I started off by referring to George Eliot. I suggested that in life, there is music and cacophony, and that distinguishing between them is one purpose of life. How very true today in the context of the skewed biases that impact Palestinian hopes for human dignity, justice, and freedom. However, as I mull over a cruel occupation that has lasted for long decades, and as I envisage the threats of annexation, I recall a warning by the wonderful Palestinian national poet Mahmoud Darwish: “Nothing is harder on the soul than the smell of dreams while they are evaporating.”

Quite true, which is why Palestinians in Jerusalem, in the West Bank, in Israel, and most critically in the diaspora, should come together to assume the responsibility of keeping Palestine alive in the political corridors of the world and prevent the evaporation of their dreams. After all, no matter whether it is a masterly stroke or an unmistakable diversion, even Netanyahu, with all his fey political prestidigitation, cannot continue to fool all the people all the time.

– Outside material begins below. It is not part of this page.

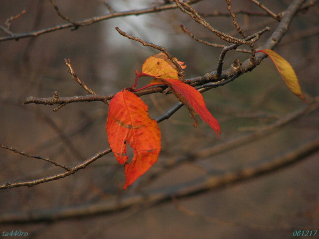 ▼歩き始めの川の土手(12月だというのにエノキにはまだこんなに葉が残っていました)

Dr. Harry Hagopian is a legal, political, and ecumenical consultant to many international organizations and churches in the MENA and Gulf regions. He studied in France and in the United Kingdom, and has earned a doctorate in public international law and a master’s in alternative dispute resolution. Over the years, he has been involved with various stages of the Israeli-Palestinian conflict, and his personal journey can be read in his latest book entitled Keeping Faith with Hope: The Challenge of Israel-Palestine (Ekklesia, 2019).